South Korea's elusive market - exporting to South Korea - includes related article

Nation's Business, Feb, 1990 by Joan C. Johnson

South Korea's Elusive Market

Vern Ryles had no illusions about exporting to the Republic of Korea. He knew it would take patience and persistence to break into this new and very foreign market. But after more than six years of persevering, he's wondering how much more patience.

Ryles is president of Poppers Supply Co., a small Oregon-based firm that sells 30 flavors of popcorn to supermarkets, theater chains, and foodvending companies. Exports to Pacific Rim countries such as Japan, Taiwan, and Singapore account for about 5 percent of Poppers' business.

Popcorn was embargoed by the South Korean government when Ryles began looking into trade there in 1983. But based on his experience exporting elsewhere in the Far East, Ryles expected the ban would be lifted at least partially in a relatively short time. It didn't happen.

Poppers seems caught in a now-in situation. Ryles cannot bring his manufacturing know-how to Korea without U.S. corn, because Korean corn is not suitable for American-style popcorn. And the Korean government, concerned about the economic welfare of its politically powerful farmers, doesn't want to import either raw corn or finished corn products - despite the fact that Korean-style popcorn differs greatly in appearance, taste, and texture from the American snack.

The Korean government temporarily lifted its ban during the 1988 Summer Olympics, held in Seoul. That provided Ryles the chance to test market Poppers popcorn, and it proved to be popular, especially the bright-colored fruit flavors.

Last year, South Korea announced that it would lift its embargo against corn and certain other agricultural products in 1990.

Ryles says he will wait and see. He had expected removal of the embargo after the Seoul Olympics. "Now they say it's 1990," he says. "It's like a moving target." But he still has hope.

"My goal was - and still is - to get in early," he says. "Then, as trade barriers come down, I hope to become a successful offshore competitor. Eventually, I want to become a domestic producer, either through a joint venture or some other arrangement.

"The opportunities are there if you're willing to put in the time and do your homework."

Electro Scientific Industries Inc. (ESI), which sells sophisticated laser systems to electronics manufacturers worldwide, has had a very different experience in the South Korean market.

The company, with more than $83 million in sales annually, made its first sale in Korea in 1979, after it had been approached by a firm that needed a laser trimmer for production of the hybrid circuits that are used in most electronic products.

It was five years before ESI made its next sale in South Korea, says Tim Krouse, vice president of the firm's laser systems division.

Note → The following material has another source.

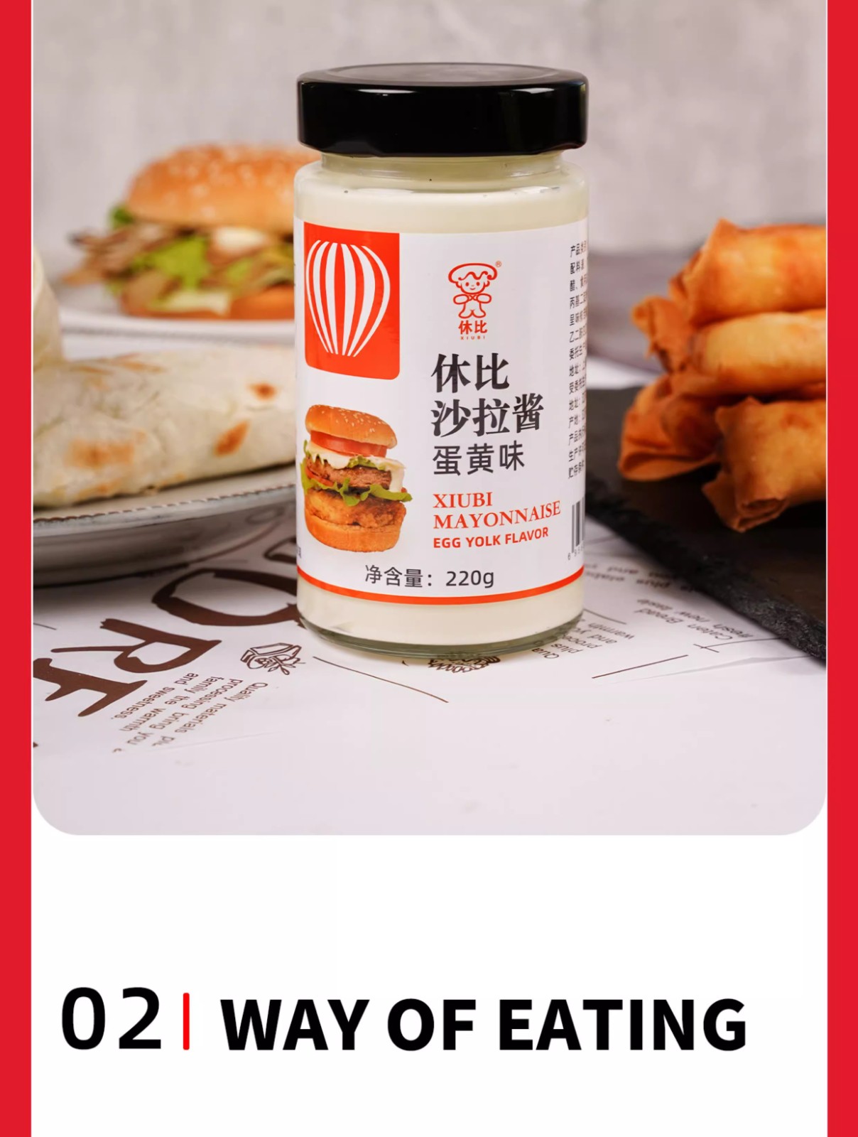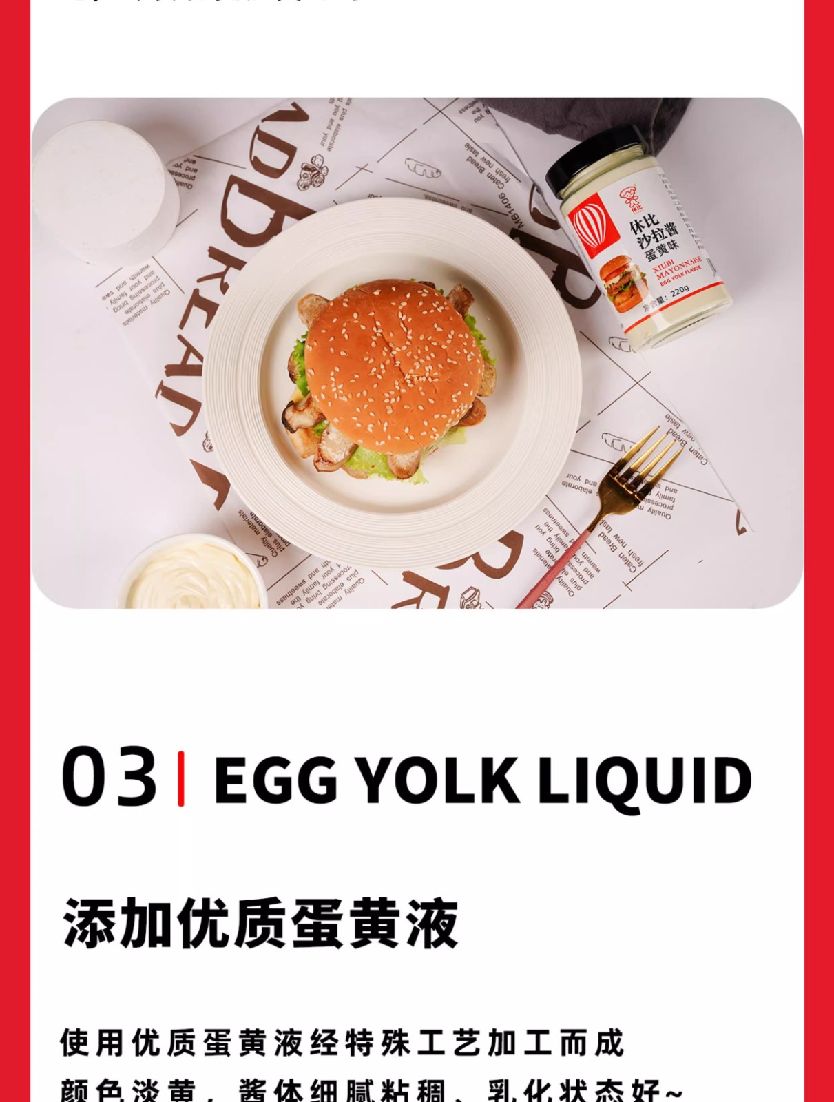 休比蛋黄味沙拉汁220g瓶装蔬菜水果寿司牛扒面包三明治汉堡卷饼汁

That followed a government decision to put much more emphasis on development of the country's electronics capabilities.

In the meantime, ESI contracted with a Korean company, Oyang Corp., to act as its representative, and through this intermediary the company began developing collegial relationships essential to doing business in Korea.

Since 1984, ESI's sales have grown to the point that the company felt it was important to establish a presence in South Korea. The firm entered into a joint-venture agreement with its representative, and in late 1989 the pact was approved by the Korean government. ESI retained 80-percent ownership of the new company, known as Oyang ESI.

Establishing a business in South Korea is "a little different" from simply exporting to that country, says Krouse. "The government requires a lot of justification [for the venture]. Korea is just beginning to open up to foreign investment and only recently changed the law to allow up to 100-percent foreign ownership. But it probably would not be wise to go for 100 percent - not in this country where personal relationships are so important."

The different experiences of Ryles and Krouse demonstrate a fundamental fact of life about doing business in the Republic of Korea: Enterprises that fit with government economic-development goals and policies have a much better chance of success. Potential exporters and investors in South Korea should keep that point firmly in mind.

Their experiences also show that developing direct export trade with South Korea should not be viewed as a short-term venture. Success demands staying power and patience.

Unless a company is willing to commit the time and money needed to develop and support a long-term relationship, it's probably not worth trying to do business in Korea.

Smaller companies can avoid many of the problems of direct exporting by marketing their products through intermediaries, such as U.S. export trading companies or commission agents. But before deciding whether potential sales justify the commitment required to develop a direct export program, a company needs to do some serious homework.

A Unique And Different Culture

One of the biggest mistakes any potential exporter can make is to assume that what works in the U.S. or even Japan will work in Korea. Koreans have their own sense of identity and their own ways of doing things. Thus, an understanding of Korea's people, history, culture, and customs is essential to developing a fruitful business relationship.